What the repo gives your team

This is a reference implementation: a complete, end-to-end agentic pipeline built to show what is possible and to run on a laptop in under an hour. The repo's docs/ folder is a toolkit for taking the pattern further:

production-considerations.md walks through what a real deployment must resolve: secrets management, authentication and TLS, PII handling, retention and deletion under GDPR and CCPA, tamper-evident audit logging and SIEM export, observability, AI governance, cost controls, and rollback.
implementation-guide.md turns that into a sequenced prototype-to-pilot backlog: four phases of scoped, prioritized tasks (Required versus Recommended, sized from a day to multiple weeks) with dependencies noted inline.
setup-instructions.md is the step-by-step local setup, and a business-case model (business-case-template.md plus an Excel sheet with sensitivity analysis and sourced assumptions) lets you put numbers against your own order volume before committing.

The architecture is built to support that path. The adapter factory, configurable confidence thresholds, the audit log, and Human Review as a first-class outcome all carry directly into production. Moving from prototype to pilot is real work, but it is well-defined work, and the repo hands you the map.

Why it matters

Return to Esker's 2025 benchmark from the opening: the average touchless rate is 67%, and top-performing organizations exceed 90%. Most B2B operations are nowhere near either number yet.

The gap between current practice and that benchmark is less a technology problem than an integration and trust problem. Organizations need a system that connects to their real data: the actual customer master, product catalog, and ERP. And they need operators who can see every decision before trusting the system with live orders.

That is what this prototype is built to demonstrate, and why it ships as something you can run rather than a slide. It includes a corpus of 49 test cases covering every channel, every content format, and every routing outcome. Every decision is explained, every operator action is logged, and the confidence thresholds are configurable policy rather than fixed defaults.

The architecture makes that extensibility concrete. Swapping the ERP stub for a NetSuite or Dynamics 365 adapter means implementing one interface method and registering it. Adding a channel such as a web form or a REST endpoint means adding one adapter module.
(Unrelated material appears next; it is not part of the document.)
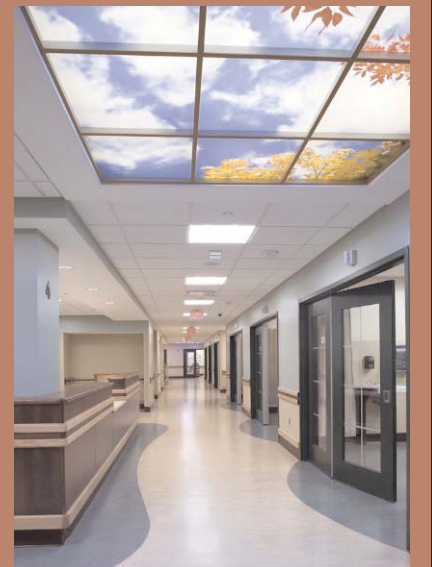
New center's interior main hallway
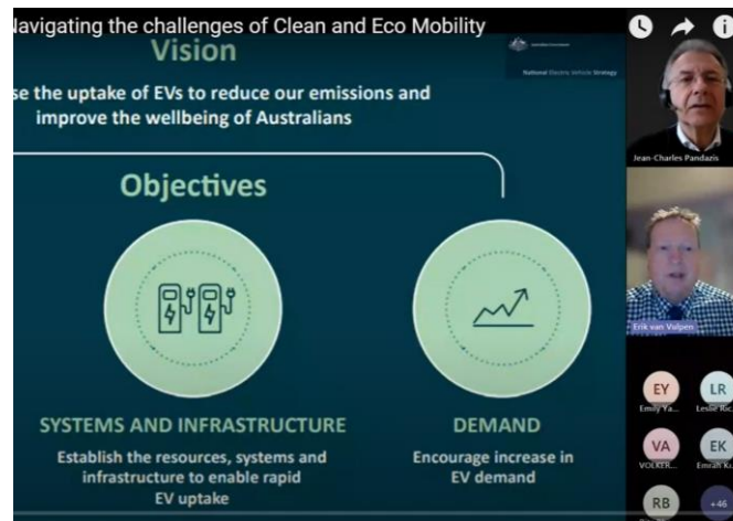
2 nd webinar

The graph does not change. The same goes for the obvious next features: order acknowledgement, price validation, minimum order quantity checks, partial fulfillment, and multi-language support are all new adapters on the same pipeline, not rewrites.

The Product Insights Agent showed what a grounded, observable agent looks like on the buyer side of a commerce interaction. This prototype shows what it looks like on the seller side, where the volume is higher, the formats are messier, and the cost of errors flows directly into fulfillment.

Explore the code

The prototype is MIT licensed, ODM aligned, and runs locally in under an hour. The fastest way to understand it is to run a few orders through it and watch the audit log.

B2B Order Intake — GitHub repository

You need Docker (Engine plus Compose, or Docker Desktop on macOS/Windows), Git, and an Anthropic API key. The only required configuration change is the key.

# 1. Clone and enter the repo

git clone https://github.com/machalliance/solution-studio-b2b-order-intake.git

cd solution-studio-b2b-order-intake

# 2. Configure: set ANTHROPIC_API_KEY=sk-ant-... in .env

cp .env.example .env

# 3. Start the stack

docker compose up -d

Give it about 30 seconds, then open the Agent Control Interface at http://localhost:3000 (the pipeline health check lives at http://localhost:3002/health). Every other .env value has a working local default; no database setup or external accounts are needed beyond Anthropic.

To see the pipeline work, open Test Corpus and run email-01, a clean order from a known buyer. Switch to Live Feed and watch it appear, then open it in the Audit Log to follow extraction, validation, routing, and ERP submission step by step.